┌────────

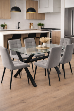 Las patas de metal con acabado de madera son una combinación perfecta de calidez y resistencia. Además, estas patas de metal garantizan que la mesa sea muy duradera y resistente, por lo que no tendrás problemas con su rendimiento a lo largo del tiempo. La cubierta de vidrio añade un toque de sofisticación adicional a la mesa y es muy fácil de mantener limpia.
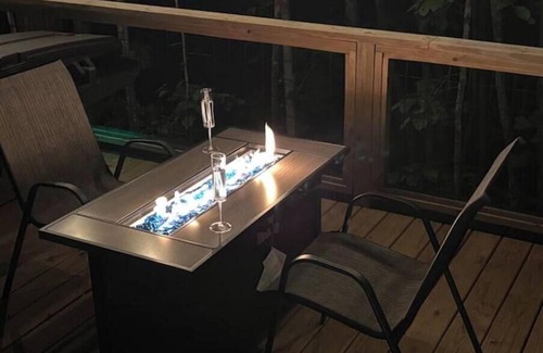 Outdoor Oasis: Step outside and indulge in your own private hot tub. Enjoy outdoor cooking with the provided grill and gather around the warm glow of the gas fire pit table.
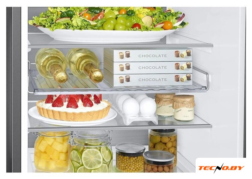 отдельностоящий, полный No Frost, электронное управление, класс A+, полезный объём: 466 л (283 + 183 л), инверторный компрессор, лоток для яиц, отделка: стекло, 91x60x183.6 см, белый
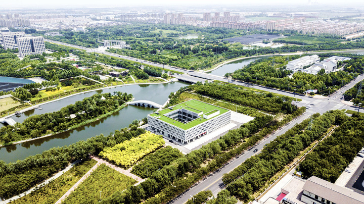 這是2018年6月24日拍攝的山東省東營市墾利區(qū)城市景色(無人機照片)。新華社記者 吳剛 攝

└────────

Return every line shown above without changing a word, and skip the pictures.

 Las patas de metal con acabado de madera son una combinación perfecta de calidez y resistencia. Además, estas patas de metal garantizan que la mesa sea muy duradera y resistente, por lo que no tendrás problemas con su rendimiento a lo largo del tiempo. La cubierta de vidrio añade un toque de sofisticación adicional a la mesa y es muy fácil de mantener limpia.
 Outdoor Oasis: Step outside and indulge in your own private hot tub. Enjoy outdoor cooking with the provided grill and gather around the warm glow of the gas fire pit table.
 отдельностоящий, полный No Frost, электронное управление, класс A+, полезный объём: 466 л (283 + 183 л), инверторный компрессор, лоток для яиц, отделка: стекло, 91x60x183.6 см, белый
 這是2018年6月24日拍攝的山東省東營市墾利區(qū)城市景色(無人機照片)。新華社記者 吳剛 攝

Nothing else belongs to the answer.